## WORK REQUEST
Below are several entries. Transcribe exactly those lines that fall from the one with "The Antigua and" through the one with "snapped up three", end lines included.

___ EXTRACTED ENTRIES ___

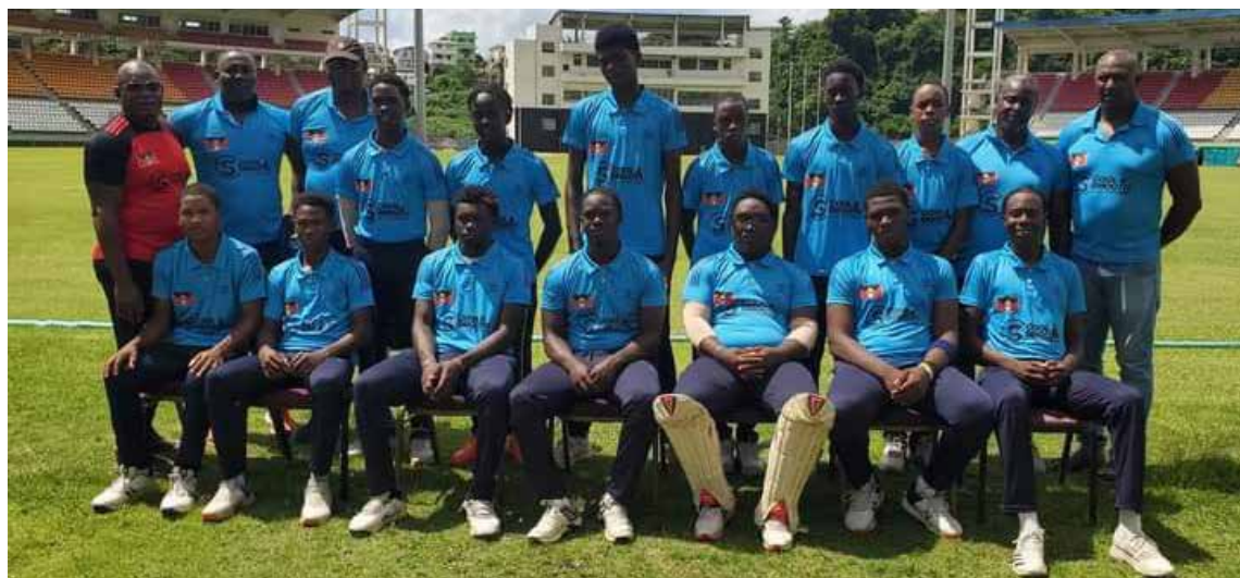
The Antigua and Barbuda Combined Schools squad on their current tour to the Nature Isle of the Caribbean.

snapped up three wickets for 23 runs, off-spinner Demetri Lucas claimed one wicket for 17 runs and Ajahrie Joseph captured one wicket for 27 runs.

___
___ EXTRACTED ENTRIES ___

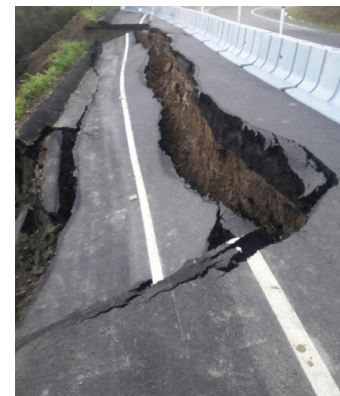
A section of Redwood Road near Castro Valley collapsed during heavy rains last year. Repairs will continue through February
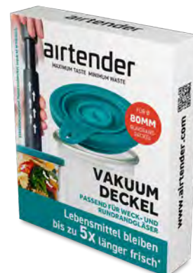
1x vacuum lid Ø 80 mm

___

## RESPONSE AREA
The Antigua and Barbuda Combined Schools squad on their current tour to the Nature Isle of the Caribbean.

snapped up three wickets for 23 runs, off-spinner Demetri Lucas claimed one wicket for 17 runs and Ajahrie Joseph captured one wicket for 27 runs.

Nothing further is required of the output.